# eomt
**Repository Path**: buptybx/eomt
## Basic Information
- **Project Name**: eomt
- **Description**: https://github.com/tue-mps/eomt
- **Primary Language**: Unknown
- **License**: MIT
- **Default Branch**: master
- **Homepage**: None
- **GVP Project**: No
## Statistics
- **Stars**: 0
- **Forks**: 0
- **Created**: 2025-11-21
- **Last Updated**: 2025-11-21
## Categories & Tags
**Categories**: Uncategorized
**Tags**: None
## README
# Your ViT is Secretly an Image Segmentation Model
**CVPR 2025 ✨ Highlight** · [📄 Paper](https://arxiv.org/abs/2503.19108)

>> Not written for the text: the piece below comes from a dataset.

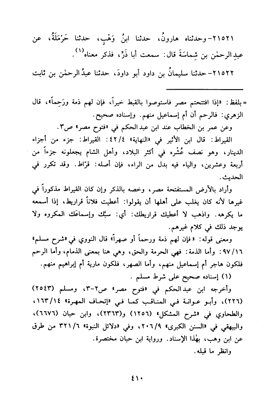 =بلفظ: "إذا افتتحتم مصر فاستوصوا بالقبط خيراً، فإن لهم ذمة ورَحِماً"، قال الزهري: فالرحم أن أم إسماعيل منهم. وإسناده صحيح.

**[Tommie Kerssies](https://tommiekerssies.com)1, [Niccolò Cavagnero](https://scholar.google.com/citations?user=Pr4XHRAAAAAJ)2,*, [Alexander Hermans](https://scholar.google.de/citations?user=V0iMeYsAAAAJ)3, [Narges Norouzi](https://scholar.google.com/citations?user=q7sm490AAAAJ)1, [Giuseppe Averta](https://www.giuseppeaverta.me/)2, [Bastian Leibe](https://scholar.google.com/citations?user=ZcULDB0AAAAJ)3, [Gijs Dubbelman](https://scholar.google.nl/citations?user=wy57br8AAAAJ)1, [Daan de Geus](https://ddegeus.github.io)1,3**
¹ Eindhoven University of Technology
² Polytechnic of Turin
³ RWTH Aachen University
\* Work done while visiting RWTH Aachen University
## Overview
We present the **Encoder-only Mask Transformer (EoMT)**, a minimalist image segmentation model that repurposes a plain Vision Transformer (ViT) to jointly encode image patches and segmentation queries as tokens. No adapters. No decoders. Just the ViT.
Leveraging large-scale pre-trained ViTs, EoMT achieves accuracy similar to state-of-the-art methods that rely on complex, task-specific components. At the same time, it is significantly faster thanks to its simplicity, for example up to 4× faster with ViT-L.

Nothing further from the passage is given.